Pemberdayaan nelayan oleh Pemkab Lamongan diwujudkan dengan pemberian bantuan BPJS ketenagakerjaan sebanyak enam belas ribu yang diserahkan kepada nelayan. Sedangkan untuk bantuan sarana dan prasarana tentu terus disalurkan kepada 17 Rukun Nelayan. Dan yang saat ini sedang diusulkan ialah cold storage, alat ini memang sangat dibutuhkan nelayan untuk menyimpan ikan agar bertahan lama.
Baca Juga : Beredar Poster Konser Wali Band di Lamongan, Diskominfo Pastikan Hoaks
Untuk mengatasi keluhan nelayan terkait BBM, Pak Yes menegaskan akan segera melakukan komunikasi dengan Dinas Kalautan dan Perikanan Lamongan, utamanya dalam membantu menangani surat rekomendasi pembelian BBM.

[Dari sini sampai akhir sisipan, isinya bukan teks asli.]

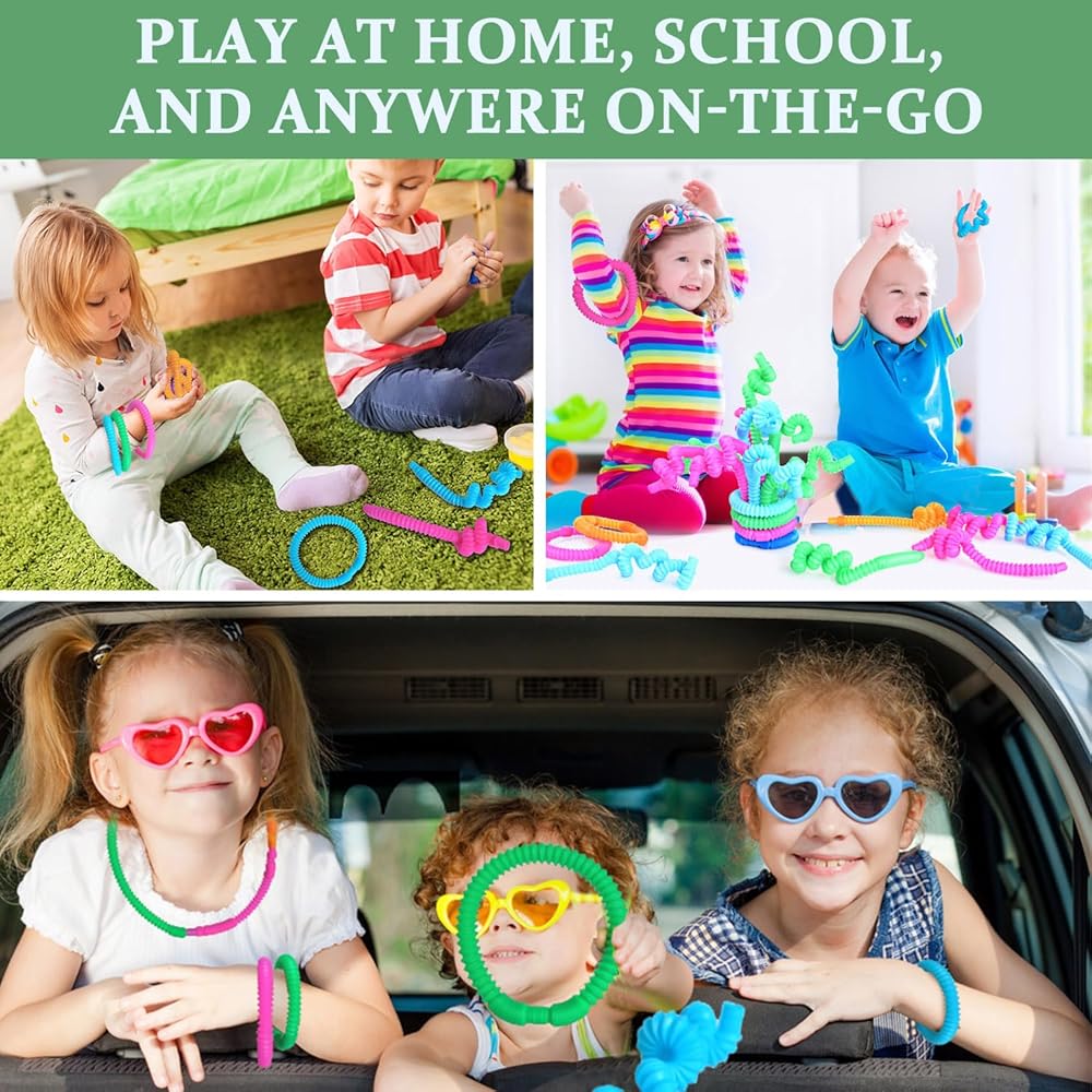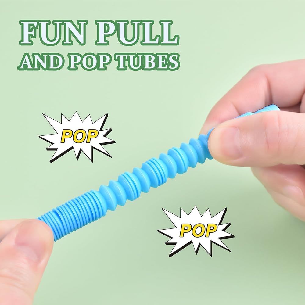 【Fun Pop Tubes Fidget Toys】: These sensory toys provide tactile and auditory stimulation and emit satisfactory popping sounds. The vibrant colors, smooth ridges, and satisfying crinkly noise are great. Our Pop Tubes are guaranteed to be a favorite toy in your home.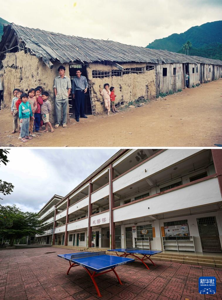 这是一张拼版照片。上图:20世纪90年代在海南保亭毛感乡拍摄的山村教学点(资料照片);下图:2025年7月22日拍摄的毛感乡中心学校(新华社记者蒲晓旭摄)。新华社发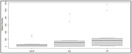 The homoscedasticity analysis for SACP, ILS and TS for the same number of data is performed graphically with the boxplot. Figure 11 shows that the boxes are not the same, since there is a greater dispersion of data in the TS box, and ILS follows and, finally, the least dispersion has SACP. TS presents the greatest variance and SACP is the one that has the smallest variance of the three algorithms. Therefore, a common variance cannot be admitted. It indicates that there is no homoscedasticity between the three algorithms. Applying the Bartlett test with the Bartlett-test function of R [44], the p-value = 0.001169 is found (0.001169 < 0.05), this shows that there are different variances; therefore, it is confirmed that there is no homoscedasticity when having a small p-value.

Selain TPI Brondong, Menko PMK dan Bupati Lamongan juga mengunjungi KUD Minatani Kecamatan Brondong. Koperasi yang sudah beroperasi sejal 1994 ini berhasil melakukan manajemen kerjasama dengan Pemkab Lamongan. Efektifitas kinerja KUD Minatani juga berkontribusi dalam pertumbuhan perekonomian di Kabupaten Lamongan.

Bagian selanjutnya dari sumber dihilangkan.